> [EXERCISE PROMPT]
Once the line containing "En un comunicado, la" is found in the entries below, reproduce it and every line after it, stopping at and including the line containing "Новый фильм Учителя"; reproduce nothing else, and keep each line exact.

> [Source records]
──────────
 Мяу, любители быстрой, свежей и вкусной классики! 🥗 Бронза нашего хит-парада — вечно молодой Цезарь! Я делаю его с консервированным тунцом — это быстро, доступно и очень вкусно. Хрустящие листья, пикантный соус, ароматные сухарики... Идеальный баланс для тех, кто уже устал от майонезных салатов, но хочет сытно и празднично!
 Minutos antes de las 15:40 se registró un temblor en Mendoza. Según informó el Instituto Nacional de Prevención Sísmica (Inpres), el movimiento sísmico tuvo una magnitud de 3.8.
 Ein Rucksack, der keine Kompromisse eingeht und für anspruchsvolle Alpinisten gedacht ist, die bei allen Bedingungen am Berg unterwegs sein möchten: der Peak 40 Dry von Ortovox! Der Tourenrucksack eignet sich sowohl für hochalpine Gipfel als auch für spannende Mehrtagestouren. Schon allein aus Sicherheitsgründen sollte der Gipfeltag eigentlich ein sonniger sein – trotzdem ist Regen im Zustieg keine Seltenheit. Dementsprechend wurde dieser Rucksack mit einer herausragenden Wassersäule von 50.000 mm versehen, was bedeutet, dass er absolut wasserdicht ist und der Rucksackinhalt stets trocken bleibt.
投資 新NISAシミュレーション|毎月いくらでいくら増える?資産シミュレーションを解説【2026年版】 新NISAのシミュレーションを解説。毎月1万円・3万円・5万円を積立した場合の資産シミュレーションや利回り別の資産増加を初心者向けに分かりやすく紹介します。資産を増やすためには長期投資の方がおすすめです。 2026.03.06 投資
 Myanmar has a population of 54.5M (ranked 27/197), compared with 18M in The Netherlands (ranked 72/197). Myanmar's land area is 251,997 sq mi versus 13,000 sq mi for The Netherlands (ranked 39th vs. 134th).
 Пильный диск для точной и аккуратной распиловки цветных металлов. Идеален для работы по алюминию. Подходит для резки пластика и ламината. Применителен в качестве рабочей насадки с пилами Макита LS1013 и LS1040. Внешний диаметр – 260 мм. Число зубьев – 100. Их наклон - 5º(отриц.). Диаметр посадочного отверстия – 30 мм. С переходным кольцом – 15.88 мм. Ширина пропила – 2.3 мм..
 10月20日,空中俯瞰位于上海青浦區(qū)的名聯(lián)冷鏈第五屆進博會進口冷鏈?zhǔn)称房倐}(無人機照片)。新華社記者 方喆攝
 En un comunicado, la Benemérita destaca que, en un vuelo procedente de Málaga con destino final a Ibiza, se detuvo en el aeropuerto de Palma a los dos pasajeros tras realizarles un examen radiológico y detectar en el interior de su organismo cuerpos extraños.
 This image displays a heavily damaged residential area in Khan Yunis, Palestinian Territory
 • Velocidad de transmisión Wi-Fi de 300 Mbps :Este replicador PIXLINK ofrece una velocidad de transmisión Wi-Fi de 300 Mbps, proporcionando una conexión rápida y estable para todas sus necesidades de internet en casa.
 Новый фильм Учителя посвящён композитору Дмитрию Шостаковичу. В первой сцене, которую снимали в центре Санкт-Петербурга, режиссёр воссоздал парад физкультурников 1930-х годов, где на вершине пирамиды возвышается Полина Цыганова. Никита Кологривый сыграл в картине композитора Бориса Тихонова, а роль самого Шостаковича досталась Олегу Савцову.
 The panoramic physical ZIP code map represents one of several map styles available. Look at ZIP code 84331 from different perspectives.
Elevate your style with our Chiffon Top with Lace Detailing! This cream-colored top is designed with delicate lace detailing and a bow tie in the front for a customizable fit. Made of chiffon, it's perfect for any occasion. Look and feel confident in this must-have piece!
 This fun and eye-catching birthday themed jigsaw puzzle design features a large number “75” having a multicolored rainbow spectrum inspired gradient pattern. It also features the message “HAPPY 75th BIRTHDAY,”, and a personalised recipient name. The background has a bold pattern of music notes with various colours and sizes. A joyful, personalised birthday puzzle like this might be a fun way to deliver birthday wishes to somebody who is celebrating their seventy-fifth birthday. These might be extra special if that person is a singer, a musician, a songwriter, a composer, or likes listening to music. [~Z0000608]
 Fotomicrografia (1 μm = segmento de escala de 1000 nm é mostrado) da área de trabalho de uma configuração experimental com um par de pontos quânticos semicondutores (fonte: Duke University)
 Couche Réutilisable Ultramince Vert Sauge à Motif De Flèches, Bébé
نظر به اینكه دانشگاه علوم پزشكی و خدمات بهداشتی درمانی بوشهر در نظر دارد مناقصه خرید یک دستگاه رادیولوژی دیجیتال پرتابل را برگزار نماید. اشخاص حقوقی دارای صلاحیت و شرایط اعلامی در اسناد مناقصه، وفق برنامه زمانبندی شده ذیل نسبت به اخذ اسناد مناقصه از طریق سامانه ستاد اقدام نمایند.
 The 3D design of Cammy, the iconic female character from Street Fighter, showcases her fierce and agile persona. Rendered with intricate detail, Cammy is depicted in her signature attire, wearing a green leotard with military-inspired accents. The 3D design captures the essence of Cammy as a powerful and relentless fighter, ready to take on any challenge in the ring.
──────────
> [YOUR SOLUTION]
 En un comunicado, la Benemérita destaca que, en un vuelo procedente de Málaga con destino final a Ibiza, se detuvo en el aeropuerto de Palma a los dos pasajeros tras realizarles un examen radiológico y detectar en el interior de su organismo cuerpos extraños.
 This image displays a heavily damaged residential area in Khan Yunis, Palestinian Territory
 • Velocidad de transmisión Wi-Fi de 300 Mbps :Este replicador PIXLINK ofrece una velocidad de transmisión Wi-Fi de 300 Mbps, proporcionando una conexión rápida y estable para todas sus necesidades de internet en casa.
 Новый фильм Учителя посвящён композитору Дмитрию Шостаковичу. В первой сцене, которую снимали в центре Санкт-Петербурга, режиссёр воссоздал парад физкультурников 1930-х годов, где на вершине пирамиды возвышается Полина Цыганова. Никита Кологривый сыграл в картине композитора Бориса Тихонова, а роль самого Шостаковича досталась Олегу Савцову.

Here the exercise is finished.